The tax book I referenced in my original post advises to apply for an EIN even if you plan to be a sole proprietor (with no intention of employing anyone) to guard against being considered a hobbyist by the IRS, as well as having a business plan in place for the same reason. This didn't seem to work for a couple of prior posters, so I'm curious as to the validity of this?
One of the things I've found frustrating is the lack of information I've found on small businesses owned by people who also have income from full-time jobs. Both my husband and I have careers which we enjoy and have no intention of leaving anytime soon. I make everything, but I work weekends; and my husband (who works M-F) is familar with all my products and is willing to set up shop at weekend events I would like to participate in...so it's a good fit for us. 
But I can't find any tax info for our situation. Will being employed full-time help/hurt us by in starting a small business?


----------



## SpiralTouch (Feb 22, 2013)

Reading through all of these replies has helped me a lot! 

I've seen some mention deducting 'losses'. I'm curious, can you claim losses with your business such as

   *a batch of soap turns out unusable - something went wrong in the batch. Can you claim the loss of the cost of those oils?

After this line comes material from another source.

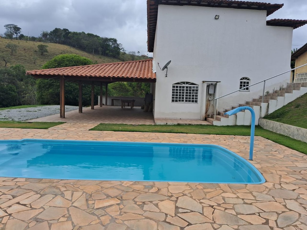 Sítio com vista de cinema , apenas a uma hora e 10 minutos de bh , com piscina e bastante espaço. São 3 camas de casal , 6 colchões de solteiro e um sofá cama
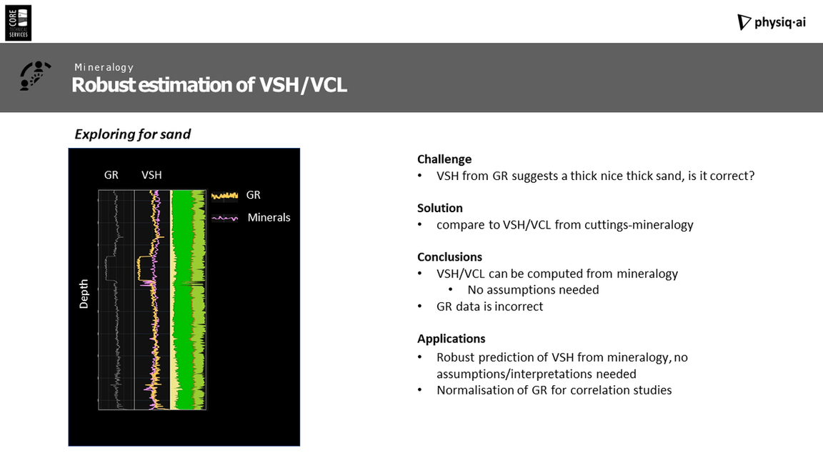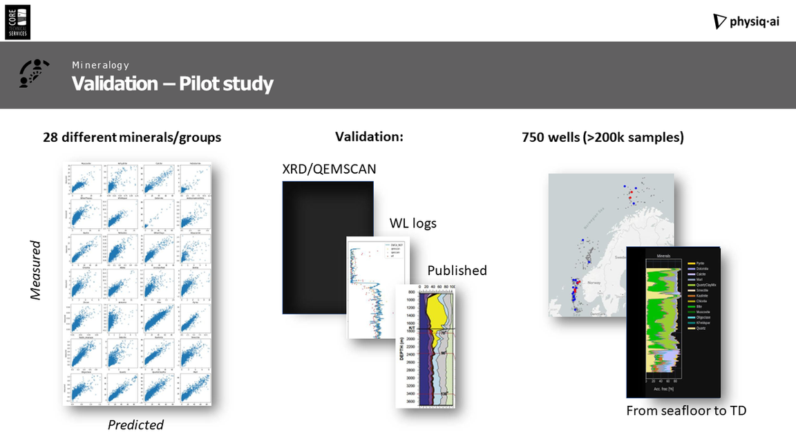 However, now a further step has been taken and can be offered in conjunction with Bergen based Physiq.ai. As implied, artificial intelligence (AI) is used to generate synthetic well log responses (gamma, density etc). based upon the predicted mineral assemblage.

Another question - I need to buy a printer for labels. Can I write that off as a business expense if I have a business tax ID?


----------



## SpiralTouch (Feb 22, 2013)

Mune said:


> I can still sell at markets and shows and such, I just cannot use the business as a deduction on my taxes. I also, though, do not have an EIN so I cannot order from companies that want this. Some wholesale companies require an EIN, such as Azure Green, to purchase out of their wholesale catalogues and such. My only concern, and what I cannot seem to find out, is whether I will be penalized if I make a huge profit and am not collecting taxes.



Is it especially hard for you to sell though since you don't have the tax ID? I am trying to set up selling at a market here and you have to have a vendors license, and to get the license you have to have a EIN


----------